◆ **What to do**: In the records below, find the line holding "魔女の仮装の女の子 手描き風ハロウィンイラスト"; copy it and every line after it to the end, omitting all images.
━━━ Exercise data
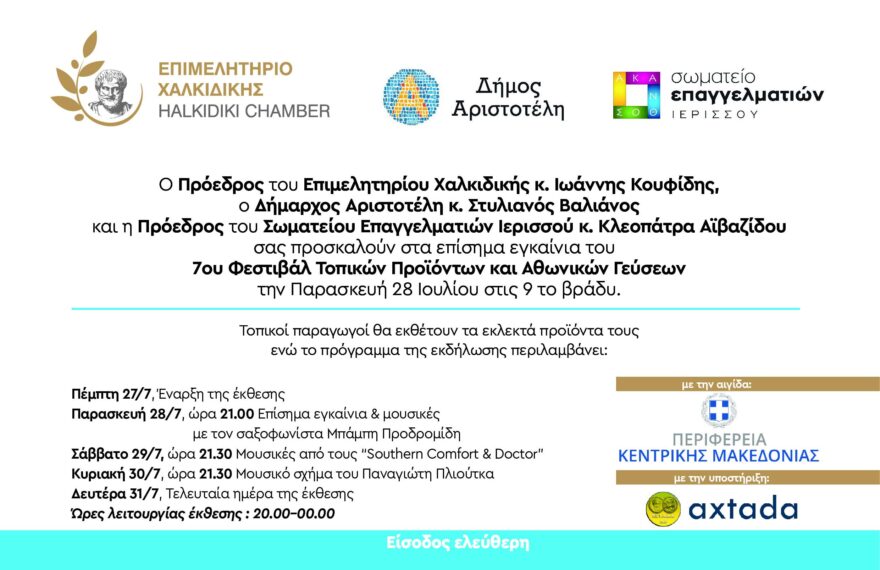 Το Φεστιβάλ τοπικών προϊόντων & Αθωνικών Γεύσεων 2023 θα πραγματοποιηθεί σε συνεργασία με τον Δήμο Αριστοτέλη και το Σωματείο Επαγγελματιών Ιερισσού στην παραλία της Ιερισσού το διάστημα 27 – 31 Ιουλίου 2023. Οι εκθέτες θα προέρχονται αποκλειστικά από τον χώρο των τροφίμων και ποτών. Η έκθεση θα λειτουργεί τις ώρες 20:00 – 00:00. Τα εγκαίνια της […]
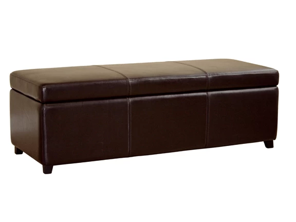 Perfect for the foot of your bed or an entryway, this convenient storage bench offers sturdy, dependable seating. Additionally, spacious storage space is revealed when the top lid is lifted. Safety hinges prevent the lid from slamming shut. Stash away shoes and umbrellas for an entryway bench or extra pillows and blankets when used as a trunk at the end of your bed. The surfaces are lightly padded and then upholstered in durable dark brown bycast leather. The feet are black wood and include non-marking feet to protect your flooring.
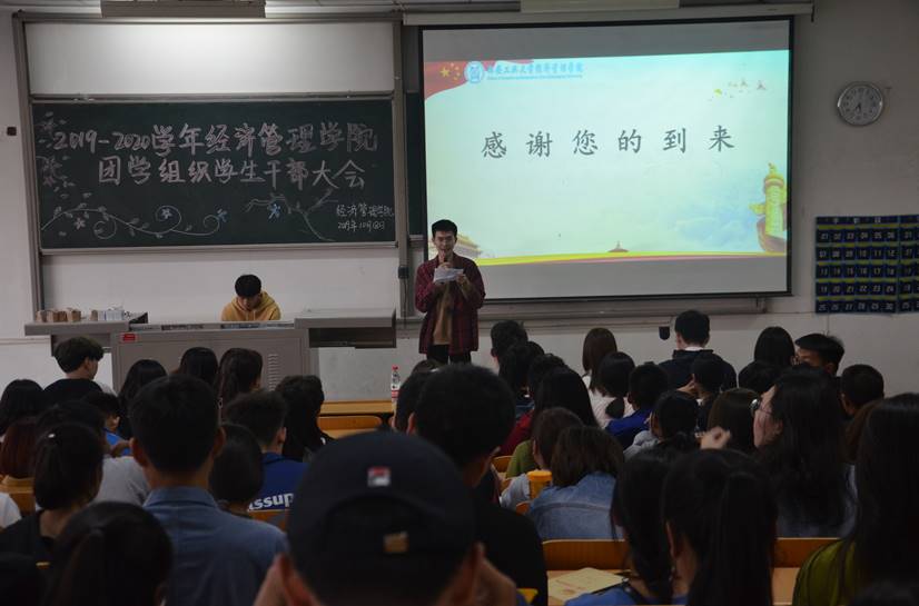 为全面推进并贯彻落实学生工作精神,加强学院内部了解,协调各方工作开展,yl23455永利集团于10月18日下午16:20在教1-201召开第一学期团学组织学生干部大会。出席本次大会的嘉宾有:yl23455永利集团党委副书记程新峰老师、团委书记许金鑫老师、社团管理中心指导老师刘雷波以及团学组织主席团。共二百余名学生干部参与此次大会,办公室干事雷仕轩担任本次大会的主持人。
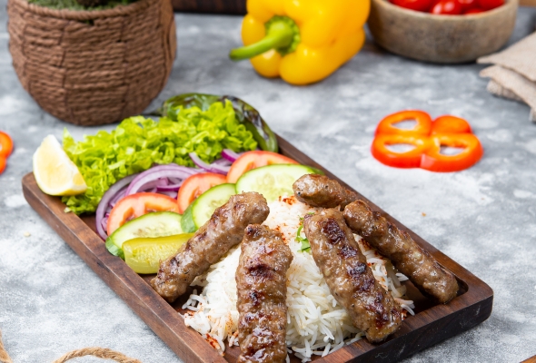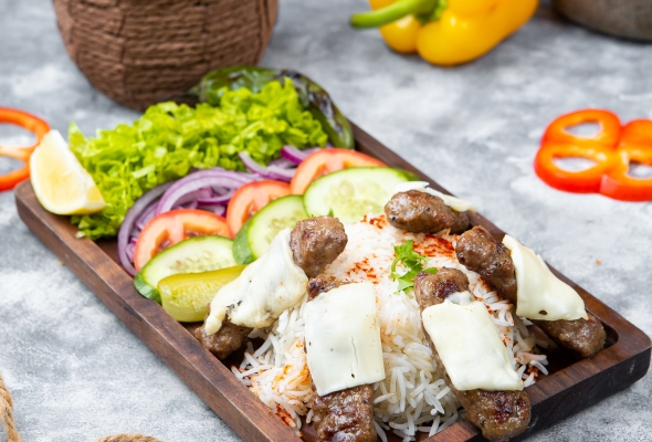 Dana əti, Düyü, Pomidor, Xiyar,...
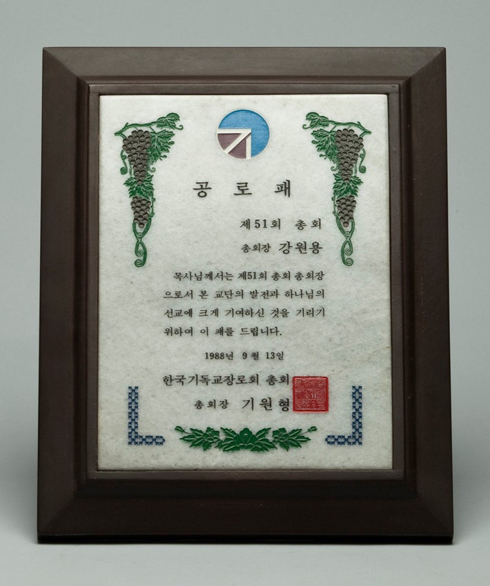 한국기독교장로회 총회 작성일 : 2011.06.29 조회수 : 19 공유하기 페이스북으로 공유하기 페이스북으로 공유하기 URL 목사님께서는 제 51회 총회 총회장으로서 본교단의 발전과 하나님의 선교에 크게 기여하신 것을 기리기 위하여 이 패를 드립니다. 관련일시 1988.09.13 태그 각종상패 이전 한신대 신입생을 위한 내일&리더십 캠프 다음 1차 멘토 포럼 목록으로
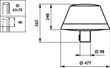 Urban road & street light, Fonte d’aluminium, Gris, Top de mât pour diamètre 62 mm, Bloc d’alimentation électrique (Marche/Arrêt), 5520 lm, 60 W, 92 lm/W, 3000 K, (0.410, 0.390) SDCM 5, CRI80, Distribution symétrique 50, IP66 | Protection contre la pénétration de poussière, protection contre les jets d’eau, IK10 | 20 J résistance au vandalisme, Classe de sécurité II, Niveau de protection contre les surtensions standard, Connecteur interne
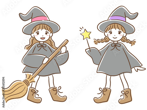魔女の仮装の女の子 手描き風ハロウィンイラスト
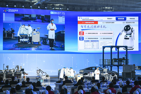 ◎ 十一月十四日晚,二0二五年世界職業院校技能大賽冠軍總決賽在天津電子信息職業技術學院舉行,大賽吸引了來自全球七十六個國家的八千九百五十六支隊伍、三萬三千餘名選手參加,最終六支隊伍脫穎而出,在冠軍總決賽舞台上展開巔峰角逐。圖為金華職業技術大學「家門口的守護:糖尿病併發症的社區精準防治」項目參賽隊獲得冠軍。(中新社記者佟郁 攝)
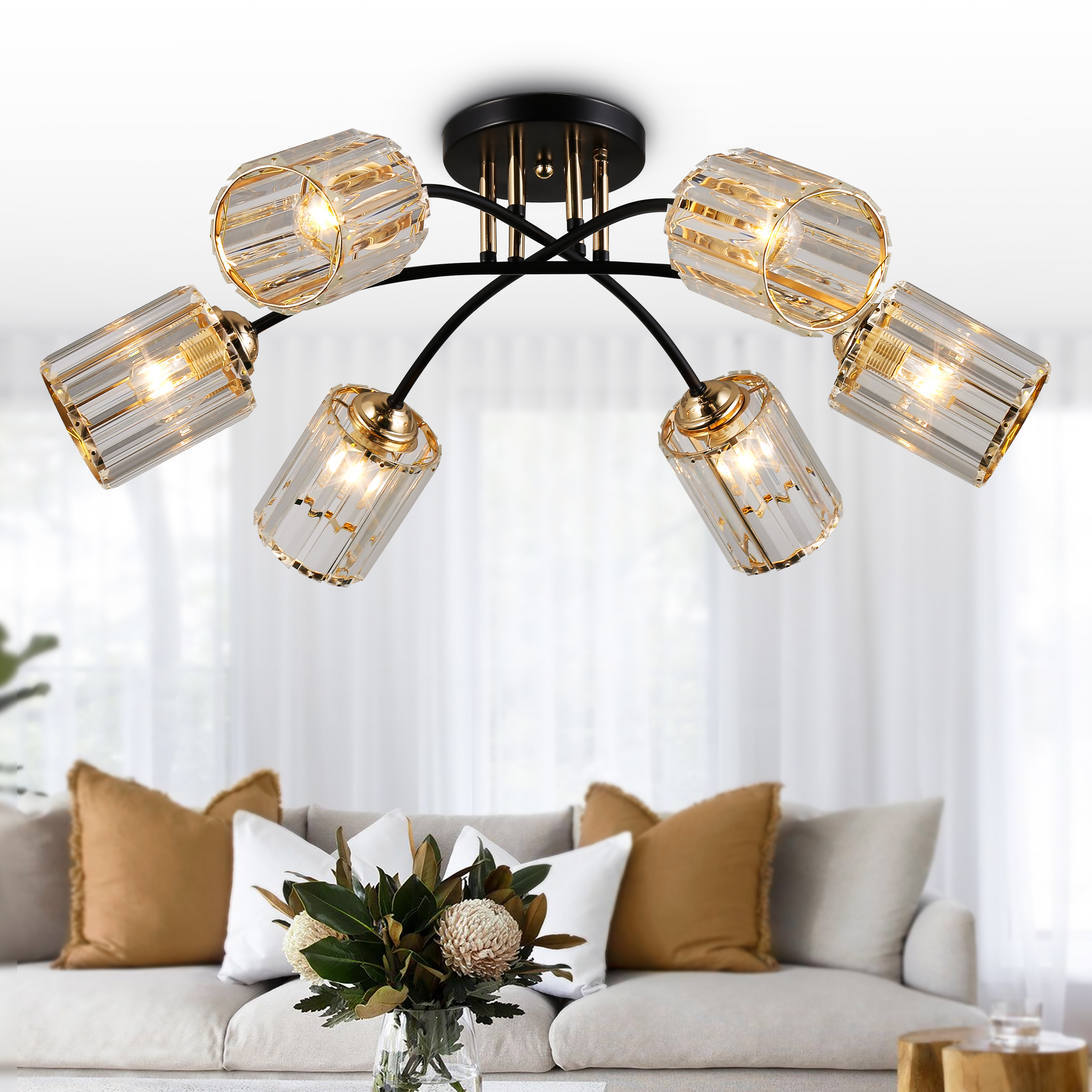 <p>Rivoli Emanuelle (арт. 9101-306) - 6-рожковые люстры с фигурными стеклянными плафонами, имеющими геометричное рифление. Арматура этих современных люстр примечательна своим комбинированным окрашиванием в цвета черный и золото. Прозрачные плафоны декорированы золотистыми элементами.</p>
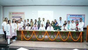 वरिष्ठ शिशु एवं बाल रोग विशेषज्ञ, चिरंजीव अस्पताल, रूड़की, डॉ. सुधीर चैधरी ने अपने विषय टीकाकरण के बाद पेश आने वाली प्रतिकूल घटनाएं (साईड इेफैक्टस), ए.इ.एफ.आई. के बारे में बताया। उन्होंने शिशु एवं बाल रोग विशेषज्ञों को बताया कि विभिन्न टीकाकरण के बाद उभरने वाले दुष्प्रभावों को कैसे नियंत्रित किया जाए।
━━━━━━
◆ **Expected output**:
魔女の仮装の女の子 手描き風ハロウィンイラスト
 ◎ 十一月十四日晚,二0二五年世界職業院校技能大賽冠軍總決賽在天津電子信息職業技術學院舉行,大賽吸引了來自全球七十六個國家的八千九百五十六支隊伍、三萬三千餘名選手參加,最終六支隊伍脫穎而出,在冠軍總決賽舞台上展開巔峰角逐。圖為金華職業技術大學「家門口的守護:糖尿病併發症的社區精準防治」項目參賽隊獲得冠軍。(中新社記者佟郁 攝)
 <p>Rivoli Emanuelle (арт. 9101-306) - 6-рожковые люстры с фигурными стеклянными плафонами, имеющими геометричное рифление. Арматура этих современных люстр примечательна своим комбинированным окрашиванием в цвета черный и золото. Прозрачные плафоны декорированы золотистыми элементами.</p>
 वरिष्ठ शिशु एवं बाल रोग विशेषज्ञ, चिरंजीव अस्पताल, रूड़की, डॉ. सुधीर चैधरी ने अपने विषय टीकाकरण के बाद पेश आने वाली प्रतिकूल घटनाएं (साईड इेफैक्टस), ए.इ.एफ.आई. के बारे में बताया। उन्होंने शिशु एवं बाल रोग विशेषज्ञों को बताया कि विभिन्न टीकाकरण के बाद उभरने वाले दुष्प्रभावों को कैसे नियंत्रित किया जाए।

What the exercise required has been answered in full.